At the sight of it, Rose shrank against Eve’s skirts.
“I’m not scared of it. It’s dead, just like the ones in our house.” Thomas pretended to shoot the beast with a make-believe rifle.
“Can I help you, ma’am?” The clerk, scarcely more than a boy, moved with a limp. A battle wound, perhaps, or just an accident?
“Yes, thank you,” Eve said. “We’re waiting for Mr. Roderick Hanford to drive us home. I don’t suppose you know when his meeting will be finished.”
“They’re in the back room. Don’t know when they’ll be done, but I can check for you.”
“Please don’t disturb them. We can wait.” Eve settled herself on the hard bench and pulled the children down on either side of her. But it soon became plain that the little ones were too restless to wait patiently. Rose was squirming, and Thomas kept finding excuses to jump up and race around the lobby. Unaccustomed to such behavior, Eve could feel her patience wearing thin. More than an hour had passed. What was taking Roderick so long?
Another ten minutes crawled by. Eve had given each of the children a cookie to quiet them, but it wasn’t enough. Rose had begun to whine. Thomas was scuffing his heels against the end of the bench with maddening repetition.
Eve caught the young clerk’s attention. “Perhaps you can just look in on that meeting. See if they’re about to finish.”

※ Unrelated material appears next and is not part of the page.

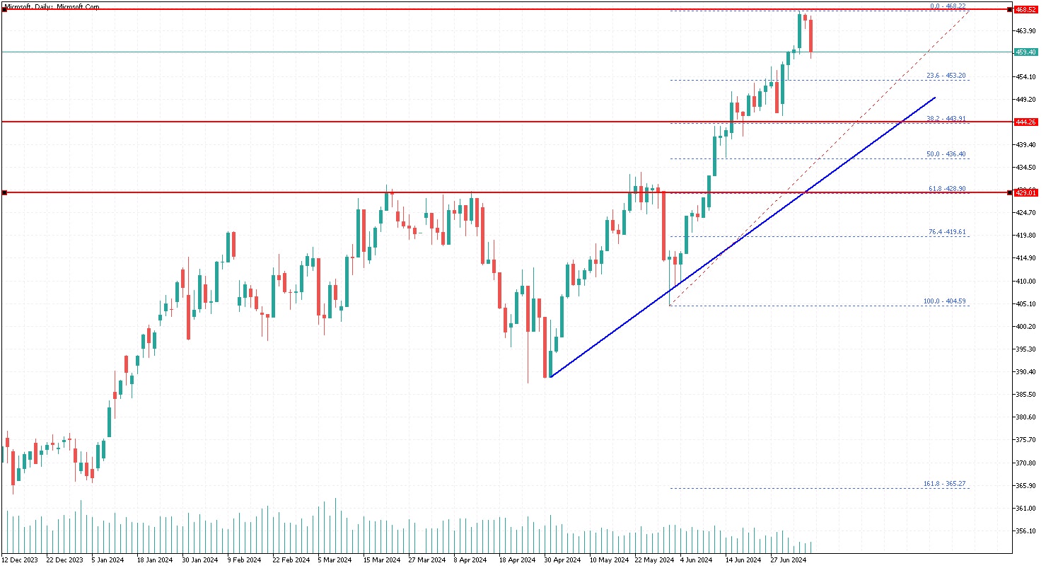 In the past few weeks, we saw a strong increase in Microsoft’s stock price (NASDAQ: MSFT) above the $400 level. The bulls remained active, and the uptrend extended above $440.

“Sure.” He disappeared down a back hallway, returning a moment later. “I’m sorry, ma’am, it looks like they’re still talking and...uh...playing cards.”
With an impatient huff, Eve picked up her basket and reticule and rose from the bench. She could drive a buggy as well as any man, and she was tired of waiting here with these bored, cranky children while Roderick played cards. “When Mr. Hanford gets out of his meeting tell him we were here, but that we could not wait for him any longer. He can jolly well find his own way home.”
The buggy was waiting where they’d left it, hitched to the rail in front of the hotel. Boosting the children into the back, Eve freed the reins, climbed onto the seat and clucked to the drowsing horse. As a girl, she’d learned to handle a buggy on outings with her father. Now she could put the lessons to good use.